Department of Psychological Sciences, Purdue University, 703 Third Street, West Lafayette, IN 47906, USA.
Psychon Bull Rev. 2012 Dec;19(6):975-91. doi: 10.3758/s13423-012-0322-y.
Replication of empirical findings plays a fundamental role in science. Among experimental psychologists, successful replication enhances belief in a finding, while a failure to replicate is often interpreted to mean that one of the experiments is flawed. This view is wrong. Because experimental psychology uses statistics, empirical findings should appear with predictable probabilities.

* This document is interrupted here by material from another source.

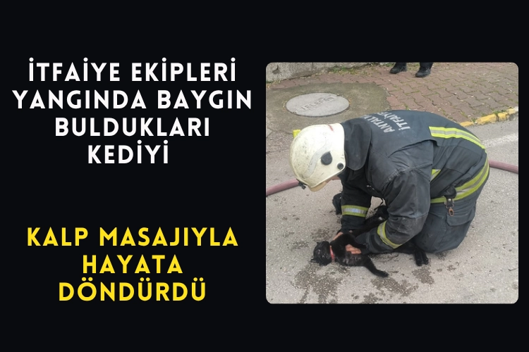 Antalya'nın Muratpaşa ilçesinde itfaiye ekipleri, yangın çıkan evde baygın buldukları kediyi kalp masajı yaparak yaşama bağladı.
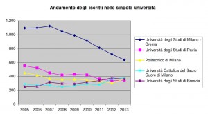 Altalenante l’andamento delle iscrizioni negli ultimi 8 anni. Drastico è il calo delle iscrizioni alla sede cremasca dell’università di Milano, passata da 1099 del 2006 a 637 del 2013, tutte le altre sedi mantengono sostanzialmente gli stessi numeri, pur con alcune differenze di anno in anno. In crescita ultimamente si mostrano Politecnico e Cattolica del sacro Cuore, mentre Musicologia e Lettere sono stabili e nessuna variazione è possibile per i corsi in professioni sanitarie dell’università di Brescia essendo a numero chiuso (ma le richieste di iscrizione continuano ad aumentare).

In a misguided effort to demonstrate successful replication of empirical findings and avoid failures to replicate, experimental psychologists sometimes report too many positive results. Rather than strengthen confidence in an effect, too much successful replication actually indicates publication bias, which invalidates entire sets of experimental findings. Researchers cannot judge the validity of a set of biased experiments because the experiment set may consist entirely of type I errors. This article shows how an investigation of the effect sizes from reported experiments can test for publication bias by looking for too much successful replication. Simulated experiments demonstrate that the publication bias test is able to discriminate biased experiment sets from unbiased experiment sets, but it is conservative about reporting bias. The test is then applied to several studies of prominent phenomena that highlight how publication bias contaminates some findings in experimental psychology. Additional simulated experiments demonstrate that using Bayesian methods of data analysis can reduce (and in some cases, eliminate) the occurrence of publication bias. Such methods should be part of a systematic process to remove publication bias from experimental psychology and reinstate the important role of replication as a final arbiter of scientific findings.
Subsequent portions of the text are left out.